Acerca de Chacao, su barrio en la gran urbe latinoamericana comenta “lo comparan mucho con la Valenzana”, y menciona su carácter tranquilo, céntrico, y familiar en el que todo el mundo se conoce. Allí su vida era la de una joven recién licenciada en Periodismo que trabajaba de responsable de comunicación de una clínica de salud mental. “Tenía un buen salario pero no era suficiente cuando la vida no es muy segura”, aclara. “El Ávila, verlo todas las mañanas”, refiere Alessandra al cerro que domina la ciudad de Caracas, el pulmón de la ciudad. Invierte el orden lógico de la frase la plumilla al hablar, embriagada por imágenes y sentimientos que las palabras no pueden abarcar.

Marcha de los escudos

Cambia el discurso de tono tras un comentario agradecido “en mi casa siempre hubo de comer” y enlaza con otro que pese a lo grastronómico del léxico no augura nada bueno. “Las protestas eran el pan de cada día”, comienza Alessandra su relato sobre el 2017, año en el que decide venirse. “Una persona muy cercana a mí falleció”, abre Alessandra el grifo de las verdades menos gratas y las lágrimas desbordan, y cobra sentido ese temblorcillo de piernas que la acompaña desde su llegada. Narra entonces un episodio sucedido durante la conocida como “Marcha de los escudos”, en la que jóvenes venezolanos se manifestaban contra el gobierno de Nicolás Maduro, con antenas de televisión, barriles, maderas y otros metales a modo de parapeto para protegerse de los cuerpos de seguridad del Estado. “Por la salud mental decidí salir de allí”, concluye Alessandra un capítulo que desafortunadamente no abandonó su memoria. “El juicio se llevó a cabo pero no hay culpables, aunque todo indique, el informe forense, la proyección balística… que fue por parte de funcionarios”, asegura sobre un hecho según ella recurrente y del cual existen pruebas. “Muchas de esas muertes están registradas en videos, y quedan impunes”, ahora sí, marca un punto y final en la charla.

Alessandra no quiere dar nombres ni apellidos por respeto pero quiere que la historia sea contada porque a su manera, y pese a sus miedos, se marcó un objetivo en la vida y no va a tirar a estas alturas la toalla, aunque sea desde la atención al público de un supermercado. “Éramos jóvenes, obviamente queríamos participar en algo y no quedarnos con los brazos cruzados”, explica.

El clima de esta parte del mundo no trata bien a esta caraqueña, pero sí sus gentes.

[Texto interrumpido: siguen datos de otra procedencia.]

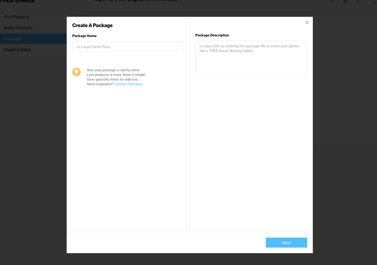 Packages Note: All packages allow customers to mix and match poses. When building packages, you have an option to limit the number of poses by selling in “sheets”.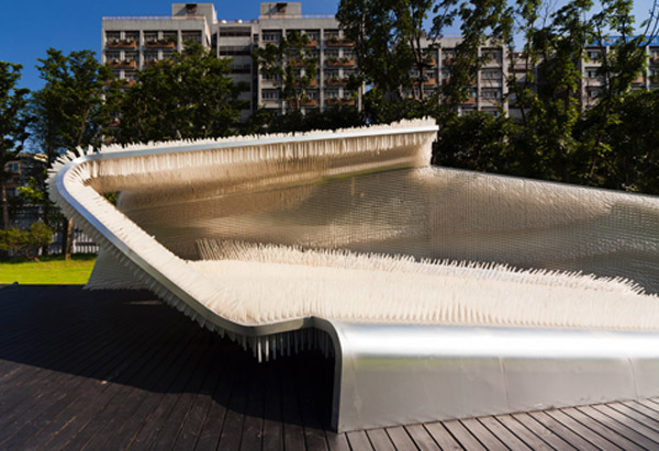 این شکل مواج به منظور برانگیختن یک حس کنجکاوی درباره ی ساخت, کاربرد, لمس پذیری, مصالح و ترویج فرم های متفاوتی از برهم کنش ایجاد شده است. عناصر با تمی تعامل برانگیز در ذهن که تداعی کننده یک دیوار ساده که هم به مثابه یک قلم مو و هم در جایگاه نیمکت هایی که به عنوان نشیمن گاه عمل می کنند,طراحی شدند. در مرکز اینستالیشن یک عنصر میز/تخت مانند, در زیر سایبانی معلق از شاخک های راست شده قرار گرفته است.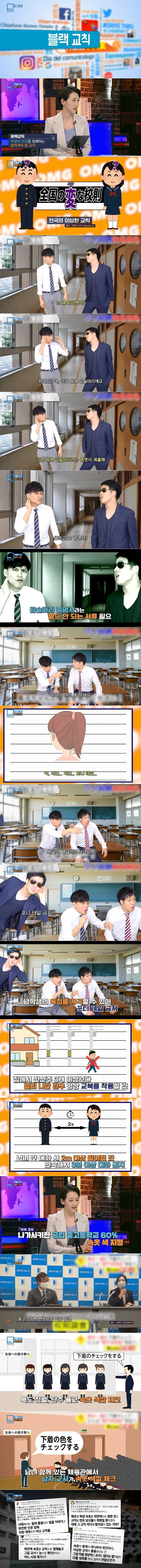 후쿠오카현 변호사회는 관내 중학교 69곳의 교칙을 조사하는 과정에서 불합리한 교칙들을 찾아냈다. 가장 대표적인 것이 바로 속옷 색상이었다. 중학교 중 속옷 색상을 흰색 등 특정 색으로 지정한 사례가 조사 대상의 83%에 해당하는 57개인 것으로 드러났다. 뿐만 아니라 특정 머리 모양을 금지한 학교는 62곳이고 눈썹 다듬기를 금지한 학교도 56곳이었다.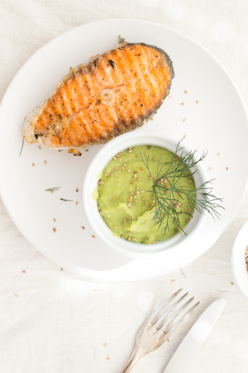 Gegrillter Lachs mit Erbsenpüree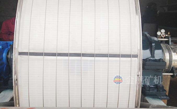 整個筒體外面裹著濾布,為了保證每室之間的密封,濾布用膠條、麻繩或棕繩嵌在隔條的繩槽內(nèi)。然后再用繞線機構(gòu)在筒體外面沿軸向以50-80mm的間距纏繞很多道鋼絲,把濾布固定在筒體上。
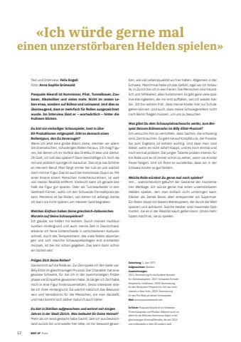 12 BEST OF BEST OF PromiText und Intervie Felix Engeli Foto: Anna Sophie Gr%u00fcnwaldPasquale Aleardi ist Kommissar, Pilot, Tunnelbauer, Zauberer, Alkoholiker und vieles mehr. Nicht im realen Leben etwa, sondern auf B%u00fchne und Leinwand. Und dies so %u00fcberzeugend, dass er mehrfach f%u00fcr Rollen ausgezeichnet wurde. Im Interview l%u00e4sst er %u2013 wortw%u00f6rtlich %u2013 hinter die Kulissen blicken.Du bist ein vielseitiger Schauspieler, hast in %u00fcber 80 Produktionen mitgespielt. Gibt es dennoch einen Rollentypus, den Du bevorzugst?Wenn ich jetzt eine grobe Bilanz ziehe, stechen vor allem die dramatischen, schwierigen Rollen heraus. Ich mag Figuren, bei denen ich im Vorfeld das Drehbuch lese und denke: Oh Gott, ich soll das spielen? Dann besch%u00e4ftige ich mich damit und pl%u00f6tzlich springe ich darauf an. Das ist ja das Sch%u00f6ne an meinem Beruf. Man f%u00e4ngt immer bei null an und w%u00e4chst dann mit der Figur. Das ist auch bei Kommissar Dupin so. Mit einer Knarre einem Menschen hinterherzurennen, ist weit von meiner Realit%u00e4t entfernt. Vielleicht kann ich gerade deshalb die Figur gut spielen. Oder als Tunnelarbeiter in den Gotthard-Filmen, wof%u00fcr ich den Schweizer Fernsehpreis bekam. Meistens ist bei Rollen, von denen ich anfangs denke, ich kann sie nicht spielen, am meisten Gold begraben.Welchen Einfluss haben Deine griechisch-italienischen Wurzeln auf Deine Schauspielerei?Ich glaube, sie helfen mir extrem. Durch meinen multikulturellen Hintergrund und auch meine Zeit in Deutschland erkenne ich feine Unterschiede in verschiedenen Kulturen schnell. Auch das Temperament, das viele Rollen abverlangen und sich manche Schauspielkollegen erst erarbeiten m%u00fcssen, ist bei mir schon gegeben. Das kann dann schon ein Vorteil sein.Pr%u00e4gen Dich Deine Rollen?Das kommt auf die Rolle an. Zur Zeit spiele ich den Vater von Billy Elliot im gleichnamigen Musical. Der Charakter hat eine gewisse Schwere, f%u00fcr die ich in der zweimonatigen Probephase viel Empathie gewonnen habe. Je l%u00e4nger ich Zeit habe, mich in eine Figur hineinzuversetzen, desto intensiver erlebe ich ihren Hintergrund. Da w%u00e4chst nat%u00fcrlich das Bewusstsein und Verst%u00e4ndnis f%u00fcr die Menschen, die man darstellt, und man kommt sich selber dadurch auch n%u00e4her.Du bist in Dietikon aufgewachsen und wohnst seit einigen Jahren in der Stadt Z%u00fcrich. Was bedeutet Dir Deine Heimat?Mehr als ich einst gedacht habe (lacht). Seit ich aus Deutschland zur%u00fcck bin und wieder hier lebe, ist mir bewusst geworden, wie viel Lebensqualit%u00e4t wir hier haben. Allgemein in der Schweiz. Manchmal habe ich das Gef%u00fchl, egal wo ich hinlaufe, in Z%u00fcrich bin ich in den Ferien. Die Menschen sind freundlich und hilfsbereit, alles funktioniert. Es gibt ganz viele positive Kleinigkeiten, die mir erst auffallen, seit ich wieder hier bin. Ich bin extrem froh, dass meine Kinder hier zur Schule gehen k%u00f6nnen. Und auch, dass meine Schwiegereltern nicht nach Berlin fliegen m%u00fcssen, um uns zu besuchen.Was gibst Du dem Schauspielnachwuchs weiter, zum Beispiel Deinem B%u00fchnensohn im Billy Elliot-Musical?Ich versuche ihm zu vermitteln, dass Sachen, die schwierig sind, Zeit brauchen. Es geht nie auf Knopfdruck, der Prozess bis zum Ergebnis ist extrem wichtig. Und dass man cool bleibt, wenn es nicht sofort klappt, und es noch einmal und noch einmal probiert. Die jungen Talente proben intensiv f%u00fcr die Rolle und es ist immer sch%u00f6n zu sehen, wenn sie einmal Feuer fangen. Und ich fi nde es wunderbar, dass wir in der Schweiz Kinder so gut f%u00f6rdern.Welche Rolle w%u00fcrdest Du gerne mal noch spielen?Hm %u2026 wahrscheinlich geb%u00fchrt der Gedanke der momentanen Weltlage. Ich w%u00fcrde gerne mal einen unzerst%u00f6rbaren Helden spielen, den man einfach nicht umbringen kann. St%u00e4rker als James Bond, aber entspannter als Superman. Ein Robin Hood mit klarem Wertesystem, der durch die Welt spaziert und aufr%u00e4umt. Solche Helden sind maximale Optimisten, die es in der Realit%u00e4t kaum geben kann. Umso mehr Spass macht es, sie zu spielen. Geburtstag: 1. Juni 1971Aufgewachsen: DietikonAuszeichnungen: 2011: Nominierung f%u00fcr die Goldene Nymphe f%u00fcr %u00abSchicksalsjahre%u00bb, 2017: Schweizer Fernsehfi lmpreis f%u00fcr %u00abGotthard%u00bb, 2020: Nominierung f%u00fcr den Deutschen Filmpreis f%u00fcr %u00abIch war noch niemals in New York%u00bb, 2025: Nominierung f%u00fcr den Prix Walo als bester SchauspielerWeb: www.pasqualealeardi.comIn K%u00fcrze: Pasquale Aleardi ist ein Schweizer Filmschauspieler und Musiker. Bekannt ist er vor allem f%u00fcr die Rolle des Kommissar Dupin in der gleichnamigen Kriminalfi lmreihe, die seit 2014 und mittlerweile in %u00fcber 40 L%u00e4ndern l%u00e4uft. %u00abIch w%u00fcrde gerne mal einen unzerst%u00f6rbaren Helden spielen%u00bb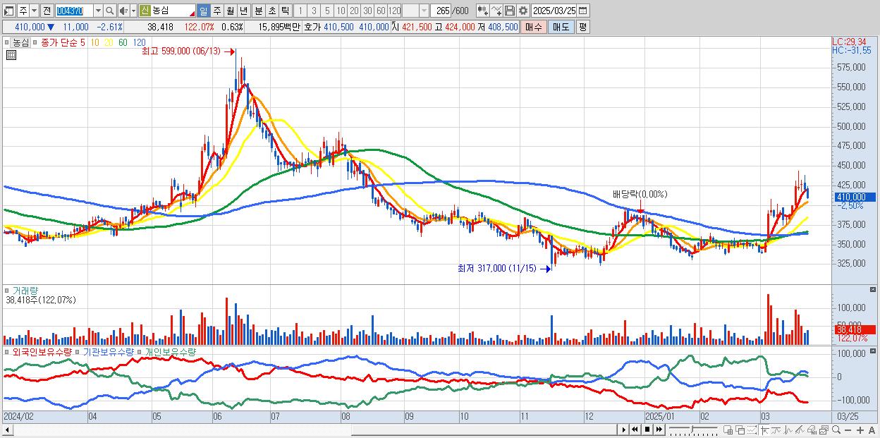 - 농심 (412,500원 ▼ -2.02% , 시총: 25,091억, 외국인 순매수 거래금:51억)

Conoció a su novio casi al llegar. “Fue en las fiestas del pueblo a las que yo no quería asistir porque hacía mucho frío, en el mes de agosto”, ironiza y continúa con el inventario de primos y amigos sobradenses y ourensanos. “Apenas entras en su vida no te dejan salir”, dice en relación a los de acá, desmitificando la idea de que “los gallegos son un poco toxos”. Tiene que meterle mano a lo de su currículo, “al venir de otro país parece que tienes un poco más de temor para tomar decisiones”, confiesa sobre su carrera cuyo título tiene homologado, y de nuevo esa lluvia que cala por fuera derrama el goteo de terrores de un pasado cada vez menos presente. “Constancia, fortaleza, perseverancia…”, dice sobre sí misma entre lágrimas, “acordarse del pasado es duro, pero lloro de felicidad también”, y entonces ríe.

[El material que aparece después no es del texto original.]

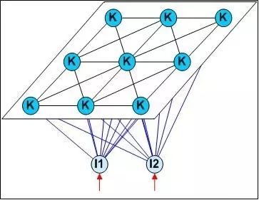 SOM(Self-Organizing Map,自组织映射)网络是一种竞争学习型的无监督神经网络,它能将高维输入数据映射到低维空间(通常为二维),同时保持输入数据在高维空间的拓扑结构,即将高维空间中相似的样本点映射到网络输出层中的临近神经元。下图为SOM网络的结构示意图: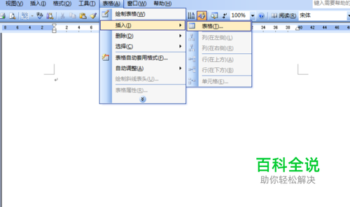 首先启动word2003,新建一文档,执行表格-插入-表格命令。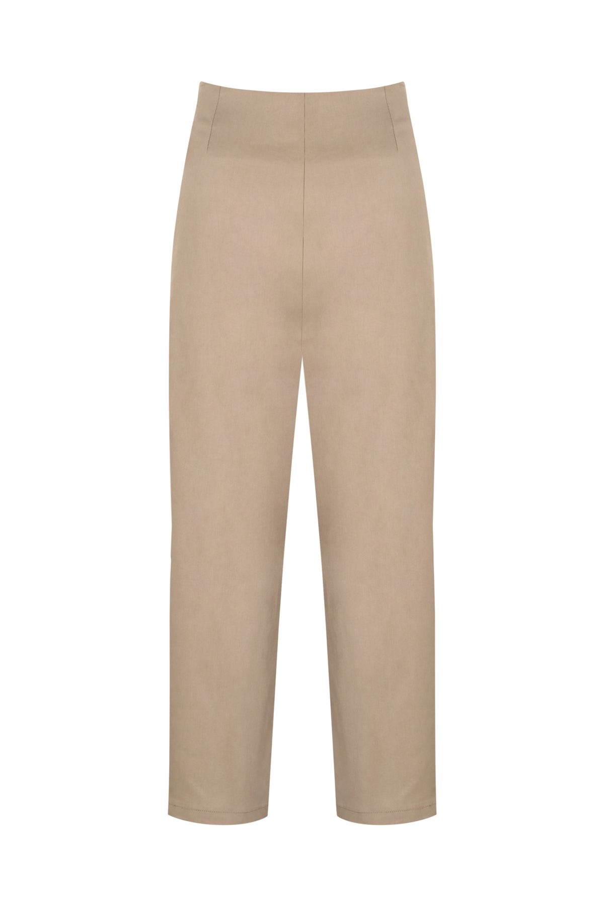 يحتوي الخصر على طيات وتفاصيل كبس. قفل الخطاف والزر

Su expresión top en gallego, “¿Gustouche?”, una palabra que su pareja, gallego hablante, le dirigió con énfasis durante una comida. A priori nada que llame la atención hasta que ella misma confiesa que el manjar a degustar era pulpo, siendo Alessandra por aquella época peculiar en el papar, “no comía nada que fuera del mar”. No sabe nada el gallego -sujeto y lengua- de conquistas. “Le agarré mucho el gusto la verdad”, concluye en relación a la pesca.

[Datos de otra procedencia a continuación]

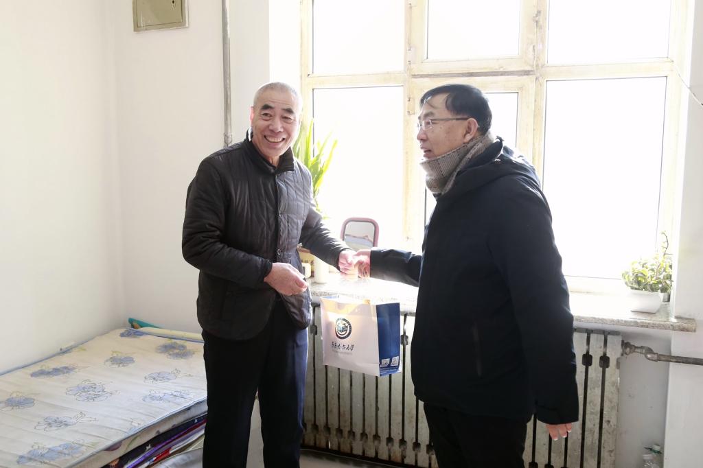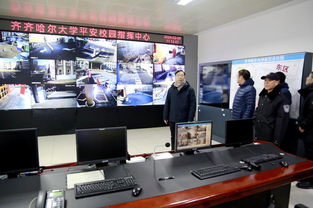 岁月更迭,初心依旧。新岁序开,同赴新程。2月9日,正值甲辰龙年大年三十,在新春佳节来临之际,校长、校党委副书记郝文斌先后来到南校区门卫室、西二区变电所、校网络信息中心值班室、中区门卫室、学校总值班室、教务处信息中心、校110指挥中心、鑫三星物业办公室、校伙食科总值班室、东区门卫室、德润大厦等地,看望并慰问了依然值守在校园一线岗位的职工和在校留学生,为他们送去了慰问品和新春祝福。校党委副书记张文治、副校长张树军及相关单位负责人陪同走访慰问。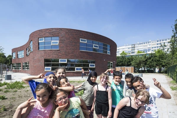 Aan Wezerdreef in Utrecht staat het nagelnieuwe schoolgebouw van OBS De Watertoren. Het ontwerp van architect Ronnie Kuiper (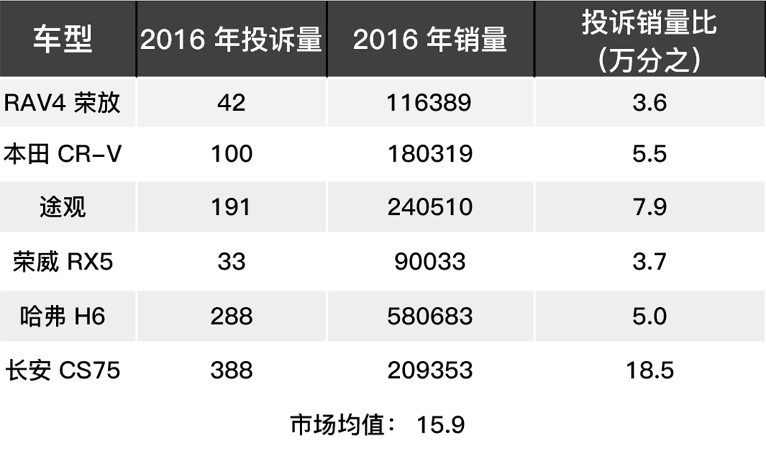 根据上表我们可以看出RAV4荣放以及荣威RX5的投诉率是较低的,但是它们都是2016年上市的新车,投诉以及销量数据参考意义不太大。但整体来说,本田CR-V、途观的销售量较大,而投诉量不超过200,

Sigue eligiendo más cosas de allá que de acá, morocho sobre membrillo, alfajor sobre tarta de Santiago, sancocho sobre caldo gallego, el Puma sobre Juan Pardo o Carlos Mata sobre Arturo Fernández. “¿En serio?”, ojiplática cuando le preguntan por el Día de la Independencia de Venezuela. Alessandra expresa a su manera que no es una patriota de chichinabo, de saber nombres de santos, celebraciones y banderas. Ella entiende el país como algo que pertenece a los venezolanos, ya sean de pura cepa que ‘sobradobispanos’.